Em atrito com Bolsonaro, STF tem meios
escassos de controle e limite a seus ministros
Corte tem em impeachment de juiz maior
sanção, mas medida é considerada muito improvável
6.jun.2020 às 14h07
SÃO PAULO
Pressionado
nos últimos anos pela opinião pública e agora sob cerco do bolsonarismo, o STF
(Supremo Tribunal Federal) tem escassos meios previstos em lei
de controlar ou limitar a atividade de seus integrantes.
Instituições
como o CNJ (Conselho Nacional de Justiça) ou o Congresso praticamente são
alijadas de atividades de supervisão dos trabalhos da corte.
A
única sanção mais ao alcance de outros Poderes, considerada por especialistas
uma bomba atômica a ser usada em hipóteses remotas, é o impeachment de
ministro, que cabe ao Senado avaliar.
Embora
desperte críticas, esse modelo de autonomia e estabilidade quase total é
concebido para evitar a influência política sobre o Judiciário ou retaliações
de outros Poderes por decisões tomadas.
Iniciativas
controversas dos ministros nos últimos anos despertaram discussões sobre os
limites de atuação dos integrantes da corte.
Uma
dos principais foi o inquérito
da fake news, aberto em 2019 por determinação do próprio
presidente do tribunal, Dias Toffoli, que também indicou o relator, Alexandre
de Moraes.
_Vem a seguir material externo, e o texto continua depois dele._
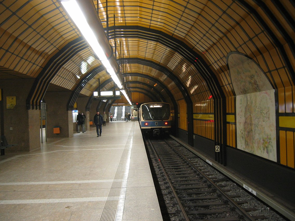 Munich subway station Theresienwiese (U4/5)
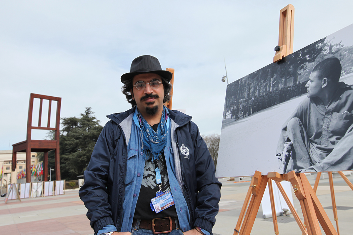 Geneve 2011

Os alvos são suspeitos de fazer ameaças e ofensas a integrantes do
tribunal.
O
presidente Jair Bolsonaro chegou a
afirmar há duas semanas, após operação de busca e apreensão no
âmbito dessa investigação: “Ordens absurdas não se cumprem”.
O tom
beligerante estimulou ainda mais apoiadores que semanalmente
fazem protestos antidemocráticos em Brasília pedindo o
fechamento da corte e do Congresso.
Bolsonaro
e os críticos do tribunal também questionam a excessiva individualização de
ordens de ministros, como a expedida
também por Moraes em abril que barrou a posse de Alexandre
Ramagem, aliado do presidente, na direção-geral da Polícia Federal.
Liminares
também reverteram indicações para ministérios nos governos Dilma Rousseff e Michel
Temer. Se abre margem para questionamentos, essa autonomia gozada
pelos ministros também protege a corte de intervenções desmedidas do Executivo.
Em
democracias menos consolidadas, há vários precedentes de destituição de
integrantes da mais alta corte por pretextos aleatórios do governo da ocasião.
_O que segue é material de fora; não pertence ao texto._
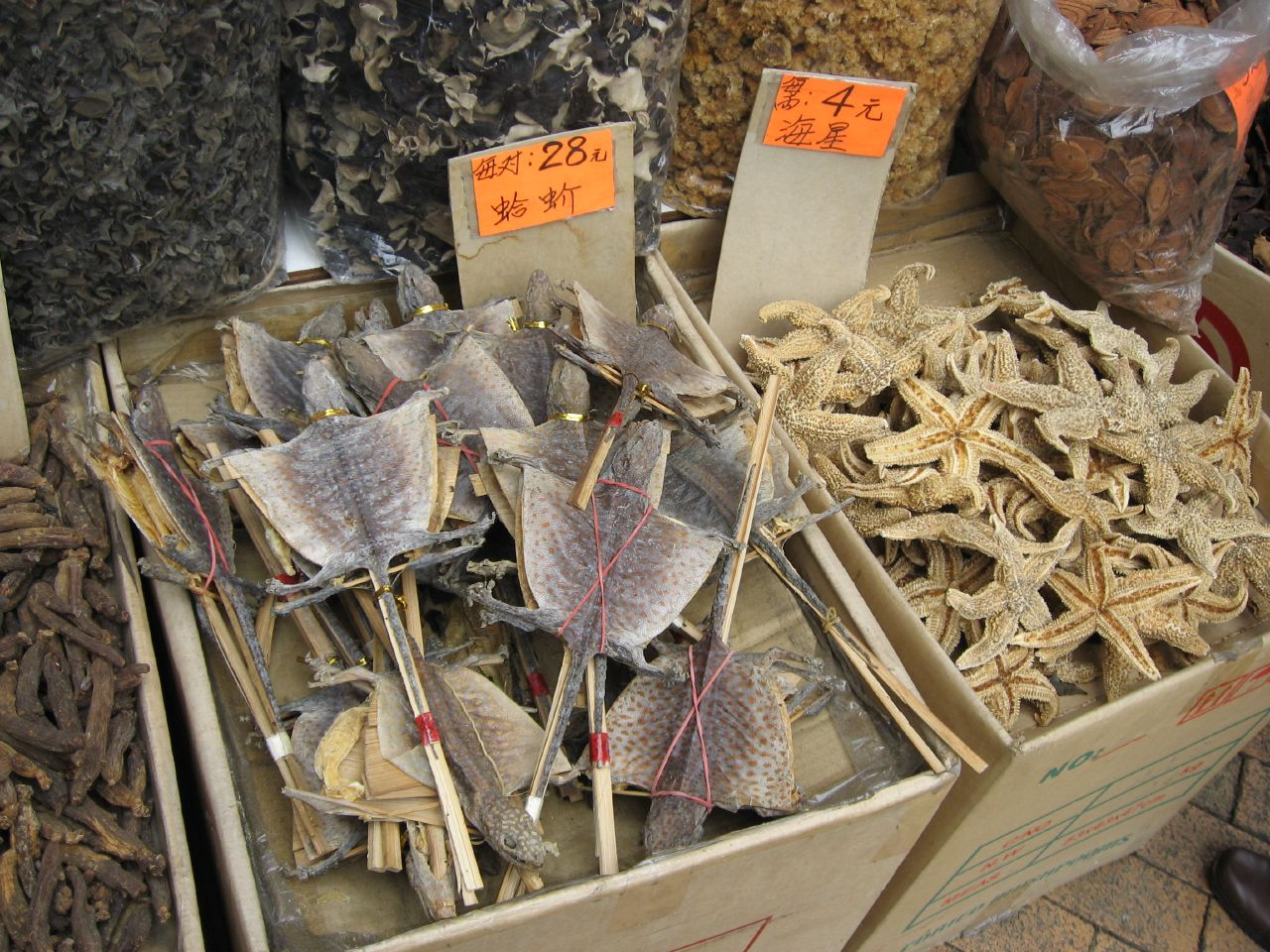 Dried Lizard and Starfish in Hong Kong

No Brasil, a ditadura militar ordenou a aposentadoria de ministros não
alinhados.
Pedidos
de impeachment no Supremo Tribunal Federal se avolumaram no Congresso nos
últimos anos, mas não houve nenhum caso
de afastamento consumado.
O
professor de direito constitucional Miguel Godoy, da Universidade Federal do
Paraná, diz que o impeachment implica em provar uma falha funcional grave, que
represente um crime de responsabilidade.
Os
pedidos que chegam ao Senado contra os ministros costumam visar, por outro
lado, o teor de decisões tomadas.
“Juiz
não pode ser responsabilizado pela compreensão jurídica que tem. A não ser que
atue de maneira dolosa para fraudar, o que não me parece o caso”, diz ele, a
respeito do inquérito das fake news.
O
professor da FGV (Fundação Getúlio Vargas) no Rio Ivar Hartmann, que pesquisa o
Supremo, diz que, como o impeachment é visto como algo fora de cogitação, a
corte fica sem outras alternativas de controle, o que contribui para excessos
dos ministros.
“Deveria
haver outros mecanismos além do impeachment para violações de menor grau. Algum
mecanismo de moção, de suspensão, que tenha um efeito simbólico. [Por exemplo:]
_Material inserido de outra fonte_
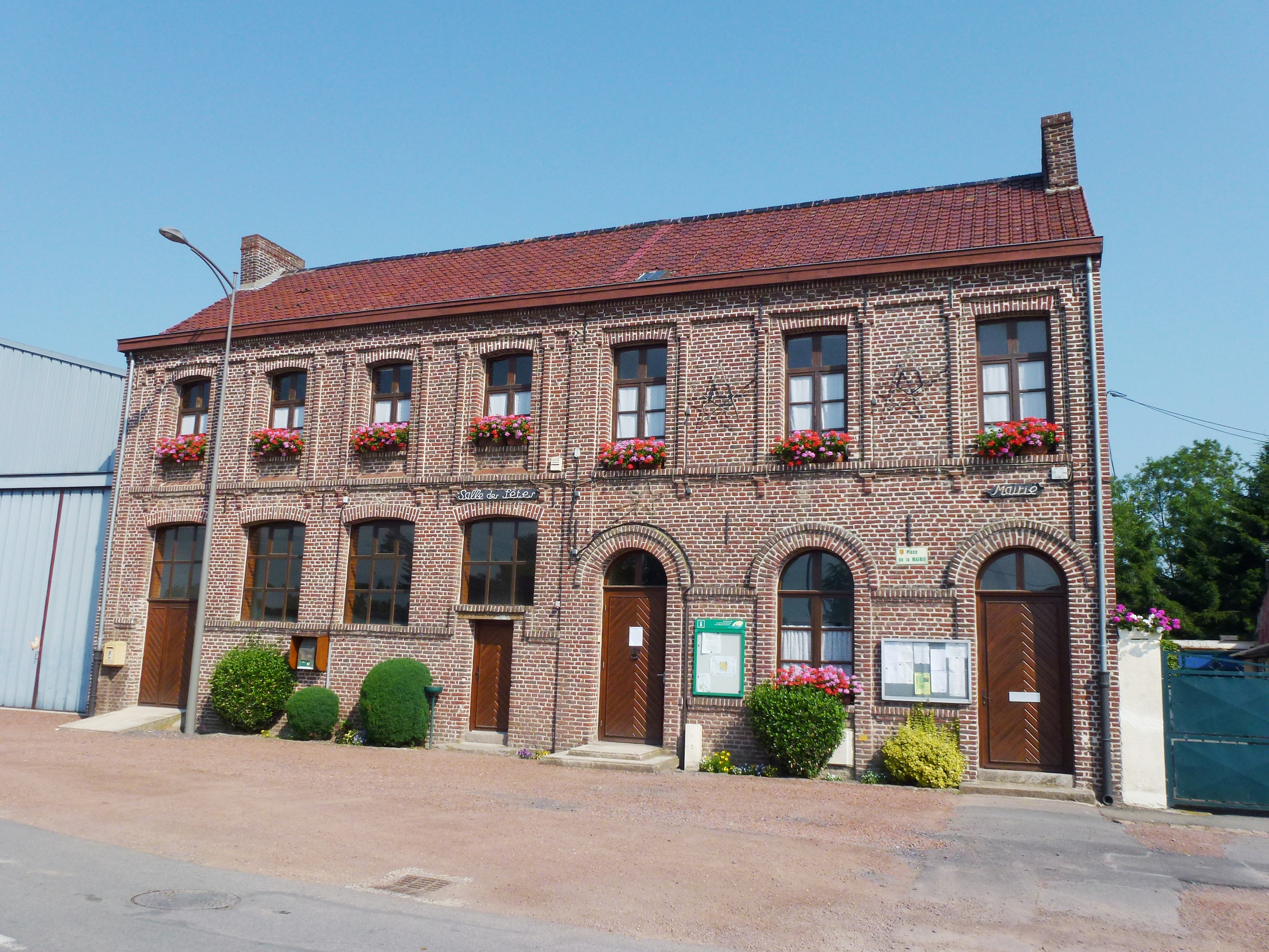 Sars-et-Rosières (Nord, Fr) mairie - salle des fêtes

remover determinado processo da relatoria e ser sorteado entre outros
ministros. Seria algo de bastante impacto para os ministros, veriam como uma
punição severa.”
Hartmann
diz que o Senado, que também é quem aprova as indicações de novos ministros do
tribunal feitas pelo presidente da República, poderia exercer esse papel.
Existe,
no entanto, um equilíbrio delicado nos interesses intercruzados entre Poderes:
há no tribunal inquéritos e processos que têm como alvos os próprios
congressistas.
O
professor também considera que poderia ter havido um efeito positivo na
chamada “CPI da Lava
Toga”, que senadores novatos tentaram abrir sem sucesso em 2019,
desde que a comissão se prestasse a discutir procedimentos do Judiciário, e não
o teor das decisões.
O
Conselho Nacional de Justiça, criado em 2004 e que supervisiona as atividades
do Judiciário, não tem jurisdição sobre os ministros da mais alta corte do
país.
Em
2001, ato do então presidente da corte, Marco Aurélio
Mello, alimentou debate sobre punição ao ministro.
Ele
concedeu habeas corpus a um militar condenado por tráfico e embasou sua ordem
em argumento que, disse, havia sido respaldado por decisão de uma das turmas da
corte anteriormente, o que não havia acontecido de fato.
A
situação provocou bate-boca em plenário com a então colega Ellen Gracie e foi
discutida pelos 11 ministros em sessão administrativa a portas fechadas.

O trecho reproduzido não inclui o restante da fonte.